2. Never Unfriend by Lisa Jo Baker

This was a book recommended by one of the other bloggers on last month's link up.  I decided to go with the audio version  which was a great choice.  The author had a conversational writing style that translated well to an audiobook.  As I did my dishes, cleaned house, and walked, I was challenged about the baggage I carry into my friendships and if I am the kind of friend that I want to have.  I felt like Lisa Jo was speaking truth into my heart and changing my view of friendships and relationships.  Never Unfriend  is my favorite non-fiction book so far this year.  

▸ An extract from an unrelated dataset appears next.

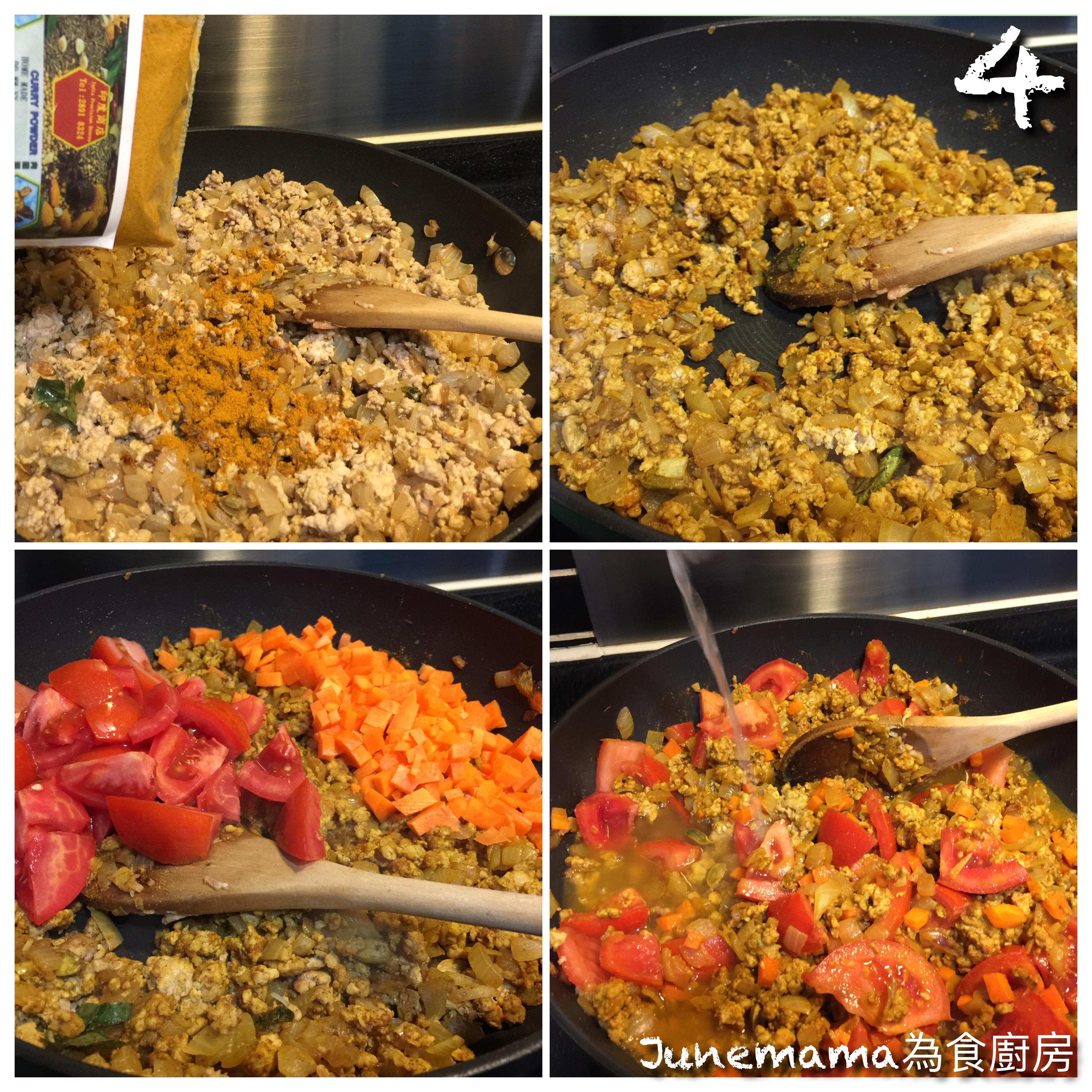 圖4:灑入咖哩粉,炒香;加入蕃茄及紅蘿蔔粒,再倒入水或雞湯至蓋過所有材料。

3. At Home in the World: Reflections on Belonging While Wandering the Globe by Tsh Oxereider

My husband and I are in the middle of reading this book out loud in the evenings.  I can totally relate to Tsh's wanting to travel and explore yet have a place to call home.  Some of the places Tsh's family visited we have also visited which brings back memories of that time with our family.  Other places we are putting on our to visit or maybe not to visit list.  It a great book about travel, family, and home. 

What are some books you read this month that you would recommend or not recommend?